[Start of Attachment]

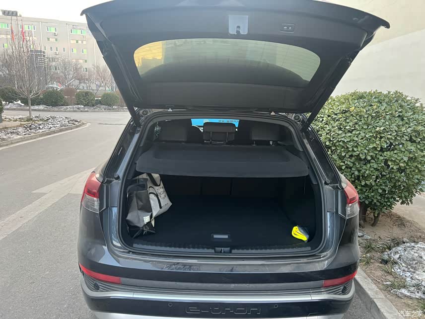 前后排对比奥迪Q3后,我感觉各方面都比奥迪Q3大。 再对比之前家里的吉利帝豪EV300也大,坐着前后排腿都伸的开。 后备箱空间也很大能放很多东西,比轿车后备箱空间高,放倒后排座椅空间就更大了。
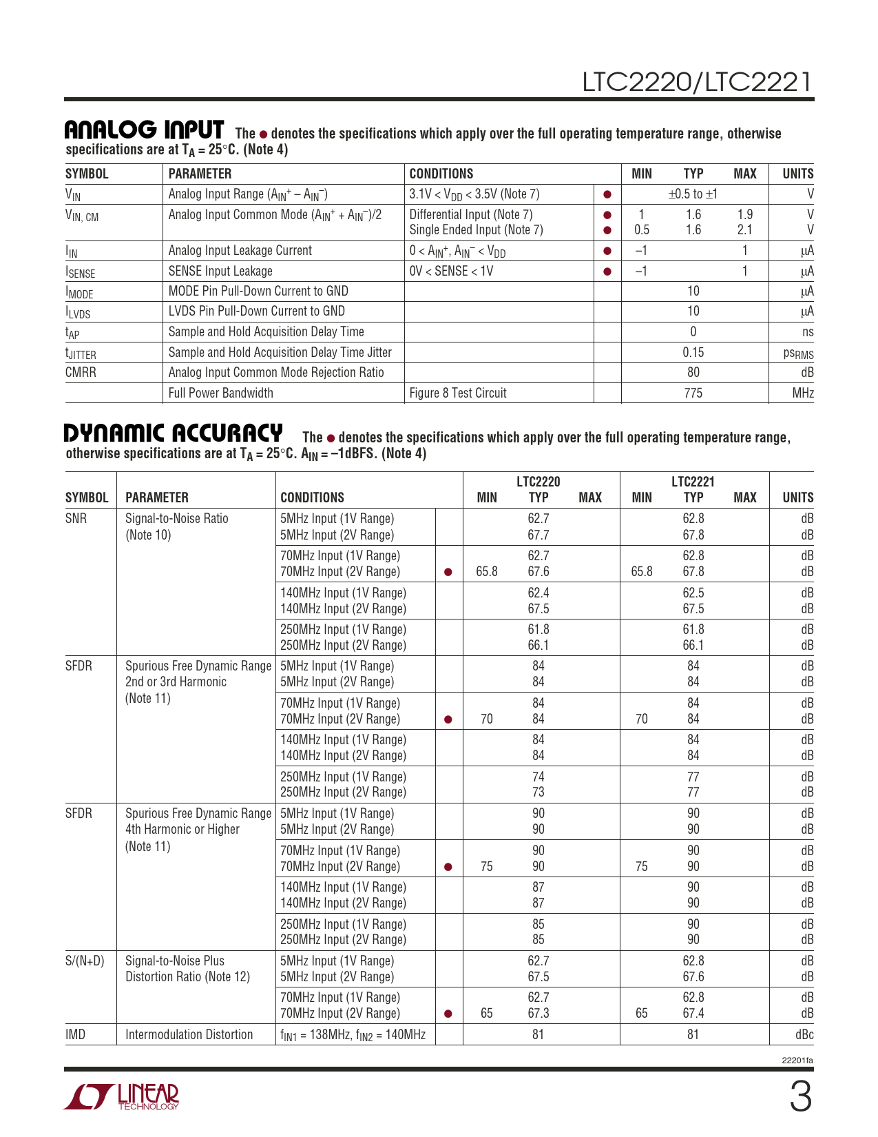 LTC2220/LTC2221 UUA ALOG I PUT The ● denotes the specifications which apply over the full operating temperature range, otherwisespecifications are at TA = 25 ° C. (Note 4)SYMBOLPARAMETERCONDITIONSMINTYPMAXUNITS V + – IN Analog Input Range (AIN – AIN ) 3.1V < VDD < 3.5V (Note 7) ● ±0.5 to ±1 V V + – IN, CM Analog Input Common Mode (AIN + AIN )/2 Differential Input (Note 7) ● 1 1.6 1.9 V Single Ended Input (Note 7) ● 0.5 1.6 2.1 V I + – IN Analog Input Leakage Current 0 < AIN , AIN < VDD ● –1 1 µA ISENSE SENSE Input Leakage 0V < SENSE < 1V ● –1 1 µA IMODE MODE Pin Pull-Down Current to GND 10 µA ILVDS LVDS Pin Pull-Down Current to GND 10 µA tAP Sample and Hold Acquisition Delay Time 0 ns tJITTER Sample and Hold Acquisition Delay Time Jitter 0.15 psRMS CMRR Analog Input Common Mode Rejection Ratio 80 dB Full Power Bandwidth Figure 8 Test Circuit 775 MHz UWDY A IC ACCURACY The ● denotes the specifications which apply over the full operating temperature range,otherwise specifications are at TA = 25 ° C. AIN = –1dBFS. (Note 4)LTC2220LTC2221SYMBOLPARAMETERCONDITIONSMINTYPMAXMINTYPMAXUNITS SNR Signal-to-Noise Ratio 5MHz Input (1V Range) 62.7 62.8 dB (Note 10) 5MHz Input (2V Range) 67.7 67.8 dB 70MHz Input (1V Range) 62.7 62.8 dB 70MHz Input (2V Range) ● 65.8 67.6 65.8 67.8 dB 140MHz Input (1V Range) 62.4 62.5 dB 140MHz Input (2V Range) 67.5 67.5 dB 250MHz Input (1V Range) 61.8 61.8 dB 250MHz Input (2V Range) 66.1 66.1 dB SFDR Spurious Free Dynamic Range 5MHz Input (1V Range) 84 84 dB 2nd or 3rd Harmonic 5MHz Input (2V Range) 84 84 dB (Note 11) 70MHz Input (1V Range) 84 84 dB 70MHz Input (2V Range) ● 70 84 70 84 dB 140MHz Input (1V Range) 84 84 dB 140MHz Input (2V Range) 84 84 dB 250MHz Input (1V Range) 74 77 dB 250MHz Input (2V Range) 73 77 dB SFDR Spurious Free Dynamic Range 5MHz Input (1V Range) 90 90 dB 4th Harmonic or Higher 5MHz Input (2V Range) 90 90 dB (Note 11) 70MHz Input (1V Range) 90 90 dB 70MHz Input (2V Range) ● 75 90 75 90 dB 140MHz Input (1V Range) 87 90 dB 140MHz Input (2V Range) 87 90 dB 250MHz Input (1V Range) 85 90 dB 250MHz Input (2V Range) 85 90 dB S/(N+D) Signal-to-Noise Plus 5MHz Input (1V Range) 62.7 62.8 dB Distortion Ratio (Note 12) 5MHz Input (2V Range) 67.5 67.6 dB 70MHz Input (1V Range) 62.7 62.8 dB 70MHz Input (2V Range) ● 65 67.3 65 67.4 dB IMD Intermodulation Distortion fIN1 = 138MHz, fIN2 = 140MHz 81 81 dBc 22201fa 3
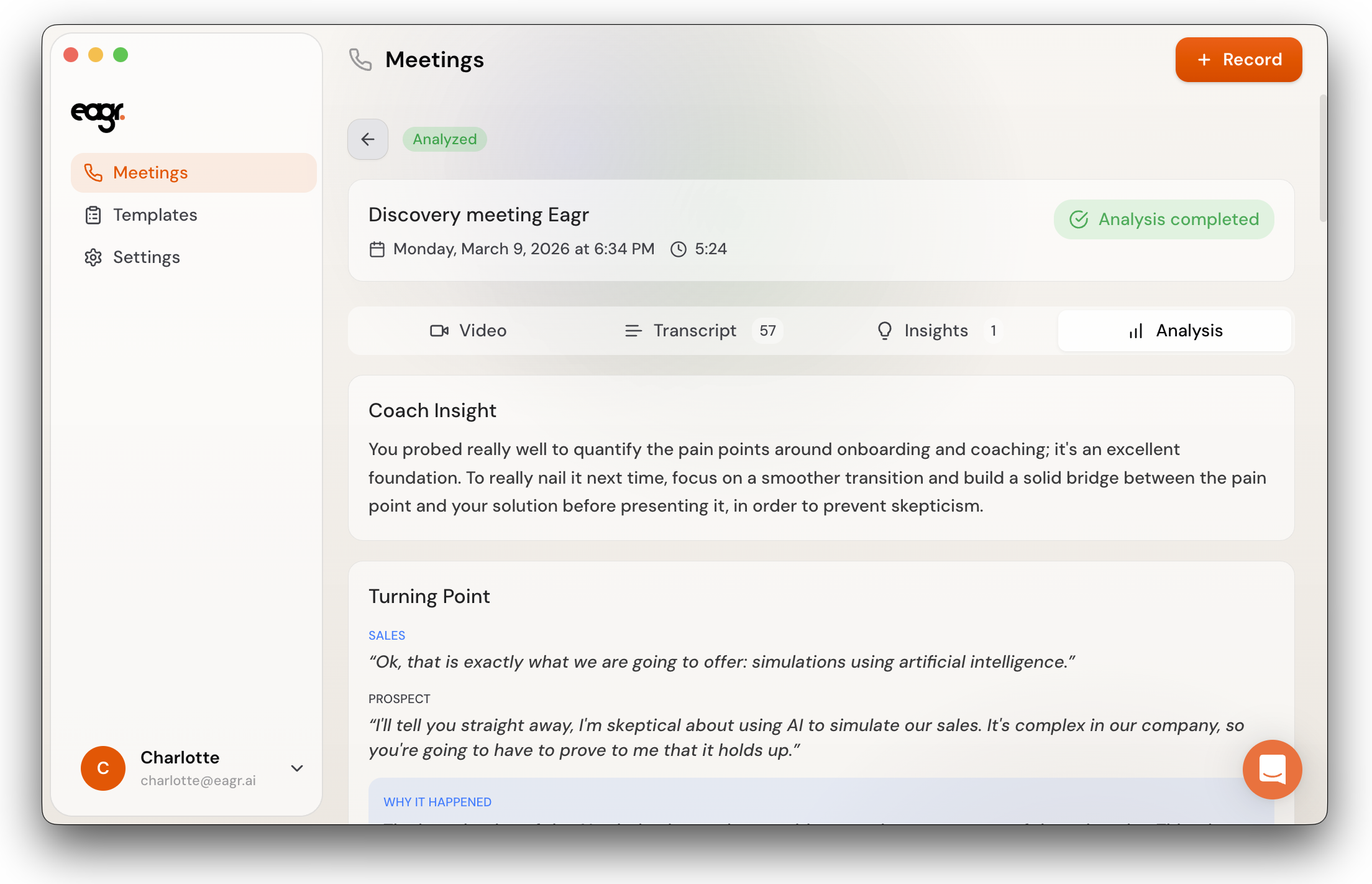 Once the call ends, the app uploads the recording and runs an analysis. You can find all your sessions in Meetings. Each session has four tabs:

[End of Attachment]
[Start of Attachment]

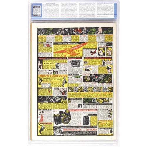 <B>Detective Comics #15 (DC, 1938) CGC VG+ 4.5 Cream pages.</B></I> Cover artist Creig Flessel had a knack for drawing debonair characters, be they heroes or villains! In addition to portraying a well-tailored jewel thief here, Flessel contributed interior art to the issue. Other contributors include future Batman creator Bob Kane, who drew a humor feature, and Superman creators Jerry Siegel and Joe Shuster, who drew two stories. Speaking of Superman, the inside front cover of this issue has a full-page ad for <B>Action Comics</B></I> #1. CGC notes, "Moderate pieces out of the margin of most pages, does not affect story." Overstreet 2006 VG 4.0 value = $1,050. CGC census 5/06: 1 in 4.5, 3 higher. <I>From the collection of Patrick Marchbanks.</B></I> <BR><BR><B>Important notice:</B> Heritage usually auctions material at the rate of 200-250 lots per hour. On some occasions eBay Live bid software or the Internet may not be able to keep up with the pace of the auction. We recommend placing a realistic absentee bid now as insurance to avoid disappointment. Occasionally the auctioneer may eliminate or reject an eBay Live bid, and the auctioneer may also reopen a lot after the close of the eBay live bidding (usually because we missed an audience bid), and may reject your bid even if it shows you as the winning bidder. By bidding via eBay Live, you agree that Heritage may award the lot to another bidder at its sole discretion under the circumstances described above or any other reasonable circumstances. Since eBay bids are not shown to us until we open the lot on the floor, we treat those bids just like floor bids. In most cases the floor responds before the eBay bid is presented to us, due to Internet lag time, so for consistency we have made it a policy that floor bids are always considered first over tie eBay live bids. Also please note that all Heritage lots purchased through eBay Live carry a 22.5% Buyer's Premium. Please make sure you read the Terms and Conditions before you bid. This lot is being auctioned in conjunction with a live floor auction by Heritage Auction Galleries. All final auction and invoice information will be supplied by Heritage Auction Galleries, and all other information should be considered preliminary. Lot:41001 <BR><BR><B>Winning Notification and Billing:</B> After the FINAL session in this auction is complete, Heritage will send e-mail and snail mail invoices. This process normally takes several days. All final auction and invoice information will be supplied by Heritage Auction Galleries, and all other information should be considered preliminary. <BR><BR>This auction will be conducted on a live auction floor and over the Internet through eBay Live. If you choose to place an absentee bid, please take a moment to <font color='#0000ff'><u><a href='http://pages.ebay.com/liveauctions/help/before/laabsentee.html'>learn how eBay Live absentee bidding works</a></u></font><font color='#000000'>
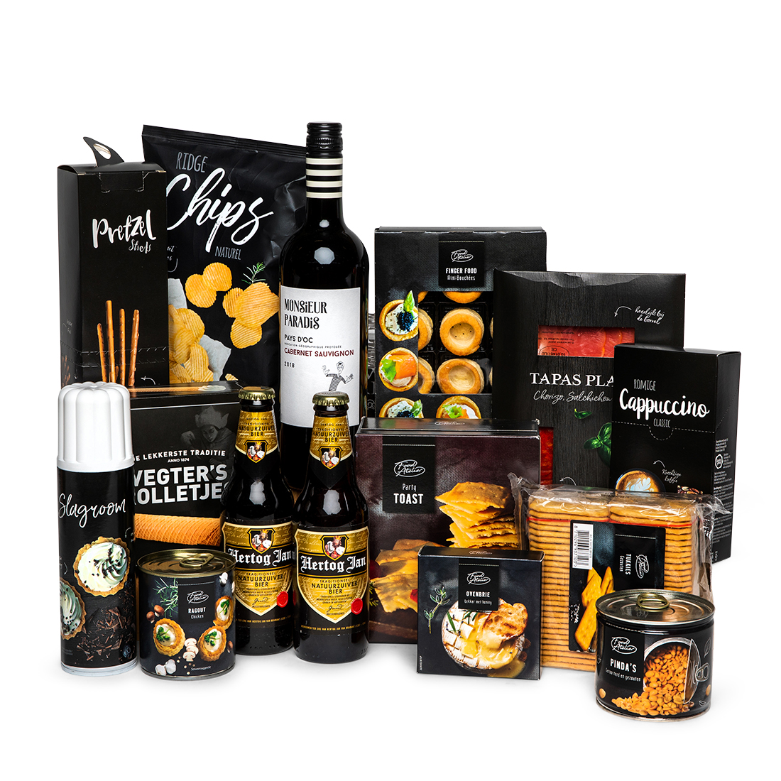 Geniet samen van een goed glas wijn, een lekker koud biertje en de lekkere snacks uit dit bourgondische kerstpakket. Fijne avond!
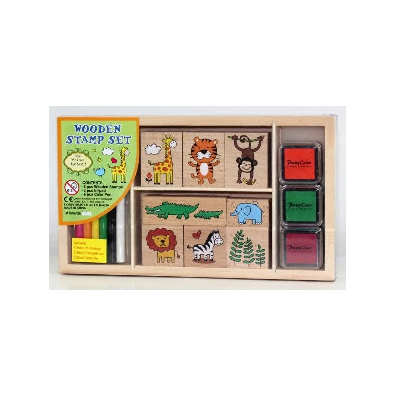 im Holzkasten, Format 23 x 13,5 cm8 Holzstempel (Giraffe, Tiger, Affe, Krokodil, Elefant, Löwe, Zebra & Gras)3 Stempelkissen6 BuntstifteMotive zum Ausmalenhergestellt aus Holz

[End of Attachment]

**Task objective:** The answer is those lines of the material above that run from the one containing "Geniet samen van" up to and including the one containing "im Holzkasten, Format", restated exactly and without images.

**Solution to this task:**
 Geniet samen van een goed glas wijn, een lekker koud biertje en de lekkere snacks uit dit bourgondische kerstpakket. Fijne avond!
 im Holzkasten, Format 23 x 13,5 cm8 Holzstempel (Giraffe, Tiger, Affe, Krokodil, Elefant, Löwe, Zebra & Gras)3 Stempelkissen6 BuntstifteMotive zum Ausmalenhergestellt aus Holz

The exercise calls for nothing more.